**Your task:**
In the listing that follows, retype every line from the first through the one containing "肩書あだ名 | 『さいとうけいしゅう総統』 |". Pictures are to be left out.

--- Given records ---

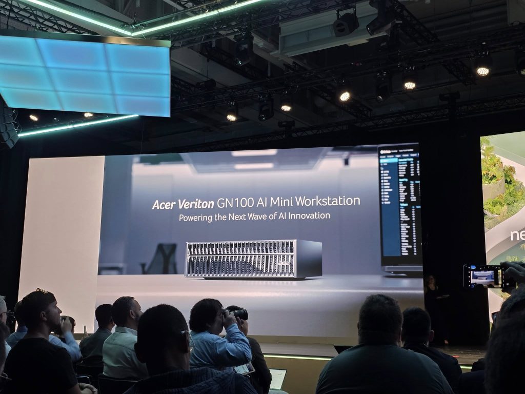 Finally, Acer pulled the wraps off the Veriton GN100, an AI mini workstation built around the NVIDIA GB10 Grace Blackwell Superchip. Despite its compact size (150 x 150 x 50 mm, <1.5 kg), it delivers up to 1 PFLOPS of FP4 AI performance, with 20 Arm-based CPU cores, 128 GB unified memory, and 4 TB NVMe SSD storage.
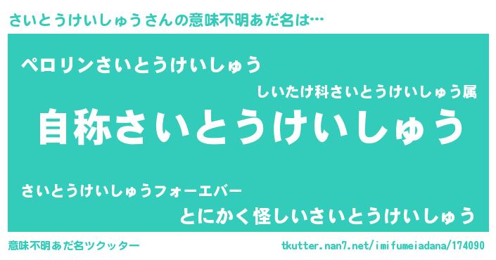 | 肩書あだ名 | 『さいとうけいしゅう総統』 |
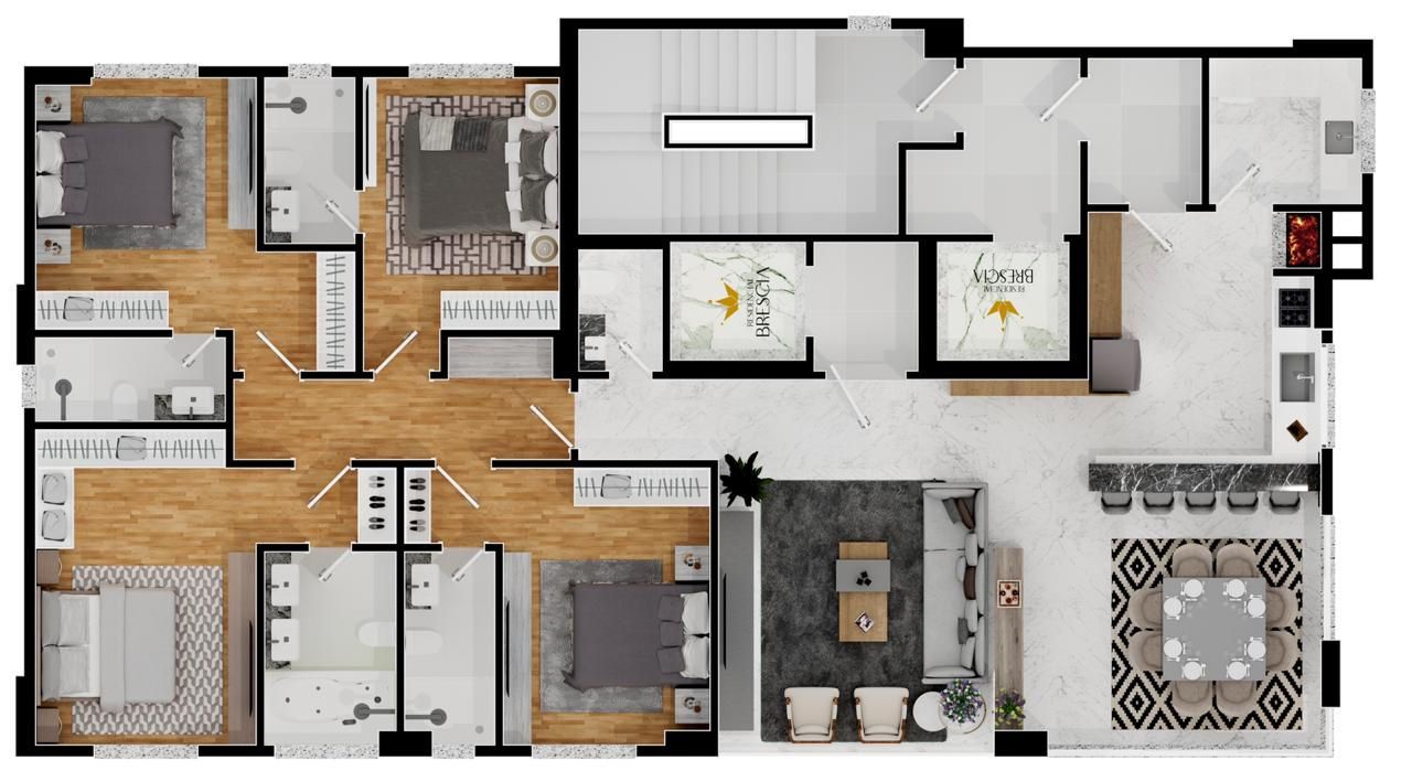 Analisamos as tipologias disponíveis no Bréscia Residencial, todas configuradas com 4 suítes e 3 vagas de garagem. As áreas privativas variam, oferecendo espaços internos amplos, living integrado e churrasqueira a carvão. O condomínio dispõe de academia, piscina com prainha e salão de festas, agregando valor ao estilo de vida dos moradores.
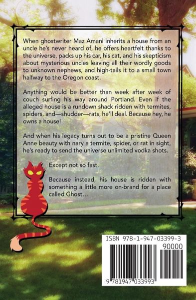 When ghostwriter Maz Amani inherits a house from an uncle he's never heard of, he offers heartfelt thanks to the universe, packs up his car, his cat, and his skepticism about mysterious uncles leaving all their worldly goods to unknown nephews, and high-tails it to a small town halfway to the Oregon coast. Anything would be better than week after week of couch surfing his way around Portland. Even if the alleged house is a rundown shack ridden with termites, spiders, and-shudder-rats, he'll deal. Because hey, he owns a house! And when his legacy turns out to be a pristine Queen Anne beauty with nary a termite, spider, or rat in sight, he's ready to stand the universe unlimited vodka shots. Except not so fast. Because instead, his house is ridden with something a little more on-brand for a place called Ghost...
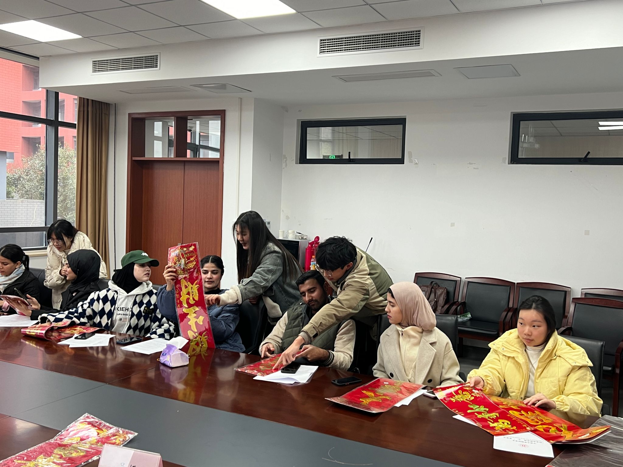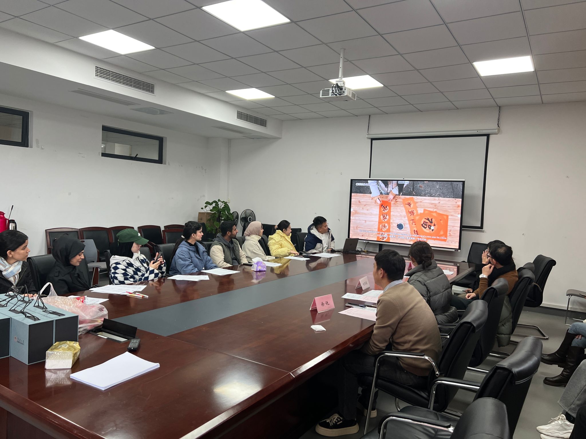 随后,国际生们展开了热烈的现场交流,与老师们分享他们在中国的学习和生活经历。在轻松愉快的氛围中,学院研究生第二党支部通过双语视频,向国际生们介绍了春节的由来和丰富多彩的习俗,让学院国际生更深刻地了解中国传统文化。同时,活动设置了对联识字环节,通过现场识字教学,让国际生们亲身体验中国文化的独特魅力使国际生更深刻地融入到中文化之中。
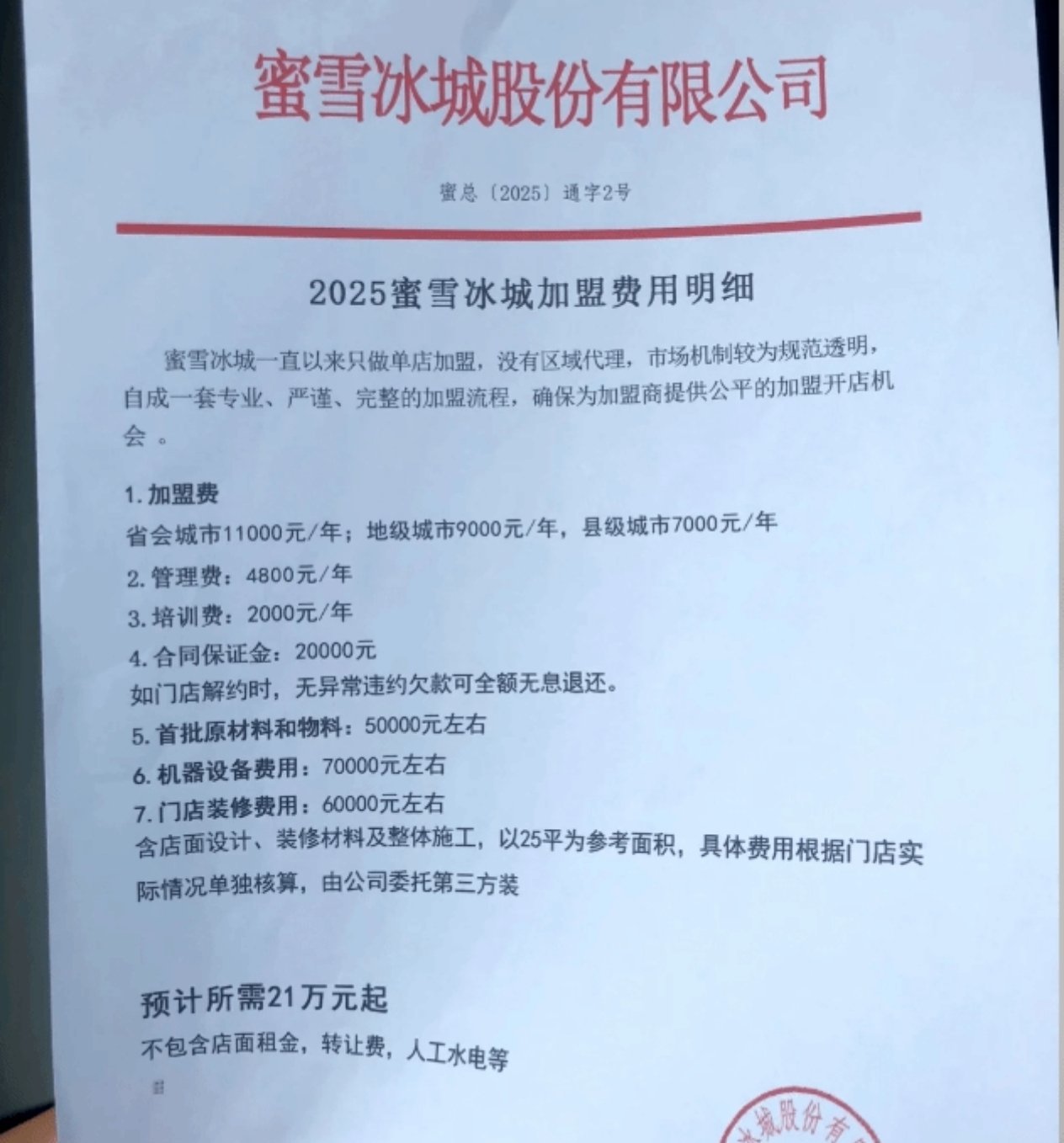 8月25日,一则“蜜雪冰城加盟费21万起”的消息登上热搜,引发广泛讨论。对此,蜜雪冰城官方招商顾问回应称,预开店总投资确为21万元起,但该费用不含店面租金、转让费等其他支出,并公布了详细费用结构与加盟条件。

---

**Output:**
 Finally, Acer pulled the wraps off the Veriton GN100, an AI mini workstation built around the NVIDIA GB10 Grace Blackwell Superchip. Despite its compact size (150 x 150 x 50 mm, <1.5 kg), it delivers up to 1 PFLOPS of FP4 AI performance, with 20 Arm-based CPU cores, 128 GB unified memory, and 4 TB NVMe SSD storage.
 | 肩書あだ名 | 『さいとうけいしゅう総統』 |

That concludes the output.